As a result of the events of September 11 2002 in the United States, Ghana has instituted and continues to intensify measures aimed at preventing acts of unlawful interference in air transport.
Ghana has also stepped up the level of security at the Kotoka International Airport (KIA) by implementing internationally recommended measures, Ms Gloria Akuffo, Minister of Aviation, said at a flag-raising ceremony in commemoration of the International Civil Aviation Day in Accra being celebrated under the theme, "Safety and Security-First and Always the Top Priority."
She said safety and security had always remained a matter of high consideration to governments.
"Consequently, as a contracting State of the International Civil Aviation Organization (ICAO), Ghana has over the years been a partner in the various measures instituted by the Organization to enhance safety and security in the industry."

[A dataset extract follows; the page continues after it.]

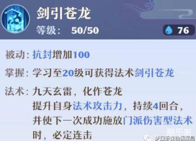其次就是【剑引苍龙】,对于青云门来说也是非常主要一定等级的技能,释放之后就说明马上就要打出一个高爆发了,并且法术攻击提升的加成效果能够持续4个回合,在准备释放大招之前先用一下这个技能,接下来就能够打出高额伤害,使得对方必须要用封印技能。
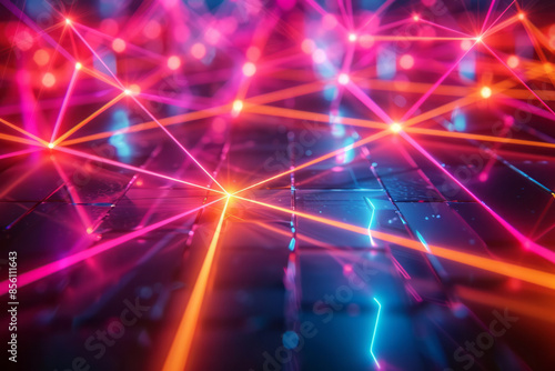 Naklejka premium Luminous neon lines forming intricate shapes with glowing effects,

She noted that the Ghana Civil Aviation Authority (GCAA) had over the years recorded a high reputation in performing its safety oversight role, saying this was "an achievement that accounts for the mere absence of any major accidents in the Ghana Flight Information Region".
She said while achievements had been made in enforcing security such as the provision of Closed Circuit Television, baggage screening equipment and a review of the use of the VVIP and VIP facilities at the KIA, the same could not be said in the trafficking of narcotics at the Airport.
Ms Akuffo said it was of utmost importance that efforts be made to erase Ghana's recent image as a drug transit centre, adding that security had to be tightened to that effect.
She said the Government had stepped up the fight against narcotic drug trafficking at all ports including the KIA.
"It is in this regard that we welcome Operation Westbridge of the United Kingdom, which is currently implementing measures to stamp out the menace."
Nii Adumansa-Baddoo, Acting Director-General of the GCAA, said the ICAO business plan for 2005 to 2007 identified Safety and Security as key strategic objectives that must be given top priority by all contracting States.
The two initiatives are the Universal Safety Oversight Audit Programme and the Universal Aviation Security Audit Programme, which seek to ensure compliance with ICAO rules on the prevention of unlawful acts against international civil aviation.
Nii Adumansa-Baddoo said Ghana had already been subjected to this audit, which had recognized the country's efforts to separate the Regulatory Authority from the authority responsible for implementation of airport level security controls as provided in the new Ghana Civil Aviation Act, 2004 (Act 678).
He said a corrective action plan had been put in place to address all the findings arising from the audit.
The flag-raising ceremony was one of the many activities marking the 2006 International Civil Aviation Day celebrated annually on December 7 to mark the creation of the ICAO in 1944.